Unlike many hip-hop releases, in which the MC is presented as a solo artist with a faceless beat-maker sitting in their shadow, Tell Them It’s Winter feels like a true collaboration, despite Ed Scissor’s name being on the cover. The partnership that Ed has had with Glaswegian musician Lamplighter has been this way since their debut work, Better. Luck. Next. Life, made huge waves back in 2012, and since then they have grown to become an unstoppably creative union, each a true individual talent and together a breathtaking force.
To call Lamplighter’s music merely hip-hop beats would be an unforgivable insult. The instrumental element of every track on Tell Them It’s Winter is a slice of dark, minimal electronic music in its own right, cinematic in scope and all-encompassing in atmosphere. At some points, the rhythm of the track comes from unexpected, left-field sources which the human brain can piece together as representative of a kick drum or a snare (like ‘TTIW’s clattering, metallic snare sound), and yet there are also more organic sounds underpinning many of these brooding soundscapes. String samples, sombre acoustic guitar motifs and even the occasional scrambled voice permeate throughout, more frequently than on the pair’s previous outings, combining to craft a largely restrained but always engaging backdrop for Scissortongue’s bars.
Edward Scissortongue is also in a class of his own, even amongst his impressively talented High Focus label-mates. His consistently and recognisably abstract style has always been layered with a sense of relatability, in a confusingly unrelatable way. Ed’s gift is in making it feel like you know the story he is telling you, or even that you know him personally as the storyteller, and yet keeping the content completely intangible and the metaphors so impenetrable and conceptual that the true meaning is near impossible to decipher. Everyday stories of nameless ‘he’ and ‘she’ characters are bound so inseparably to philosophical musings and ideas that the listener is made to feel simultaneously empathetic and detached, and the whole disturbing experience is wonderfully emotionally enthralling.
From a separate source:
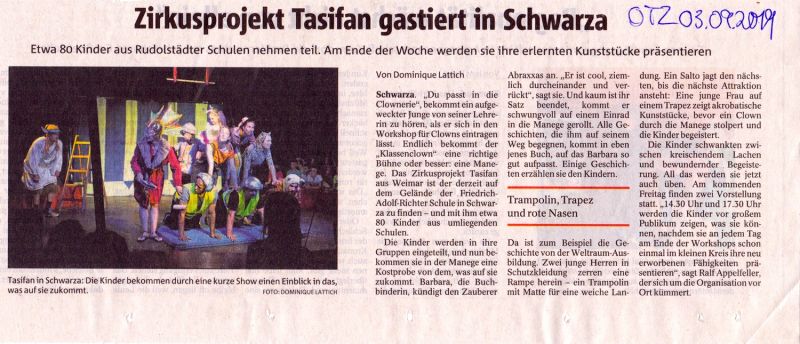 3. Zirkusprojekt in Kooperation mit dem Kinder- und Jugendzirkus TASIFAN aus Weimar
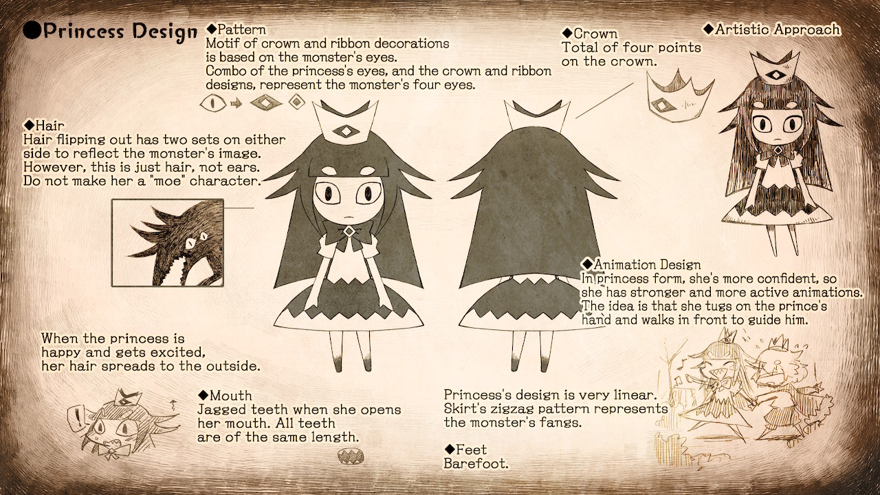 Nippon Ichi’s The Liar Princess and the Blind Prince is sort of similar to Nippon Ichi’s 2013 Vita/Windows game htoL#NiQ: The Firefly Diary, in that it’s a side-scrolling puzzle-platformer with beautifully drawn character sprites. While that game leaned towards subtle horror, The Liar Princess and the Blind Prince draws its atmosphere from dark fairy tales of yore. The game was the result of an internal game pitch contest within Nippon Ichi, where web designer Sayaka Oda supplied the concept as well as all of the illustrations and character artwork.

Some brave moves have been made on this album. Some tracks stretch to around the 10 minute mark, but rather than dragging, epics like ‘Light Round Here’ merely allow Ed’s linguistic tapestries to be given the detailed lifespans that they fully deserve, with Lamplighter’s captivating, haunting scores matching every step of the veiled narrative. Though Ed’s bars have never been about flashy rhythms, tracks like ‘Grandzeen’ and ‘Week’ stray closer to pure spoken word than most rappers would dare, the former accompanied by hazy, freeform piano and the latter an album highlight and a true showcase of both men’s talents.
Edward Scissortongue’s releases are always a great many shades darker both lyrically and musically than almost anything else on the hip-hop circuit, but with Tell Them It’s Winter he seems to have taken his Lamp(lighter) and journeyed further down into the disturbing depths, to devastating effect. ‘Any Infrastructure’ is almost tear-inducing in its darkness, and even the rare, surprisingly direct chorus of ‘The Dust Don’t Lay’ does not settle the unease that hangs thick above this release. Mentions of drug use are frequent, but far from the all too common bragging found in much of UK hip-hop, Ed Scissor’s bars mention narcotics as part of gritty and bitterly unhappy tales.
By creating possibly the most immersive, emotive release to come out the UK hip-hop scene in Tell Them It’s Winter, Edward Scissortongue and Lamplighter have once again proven that their styles fit together like a hand into a black, velvet glove. But amongst all the darkness in life that this collection of songs describes, the album itself is a startling light.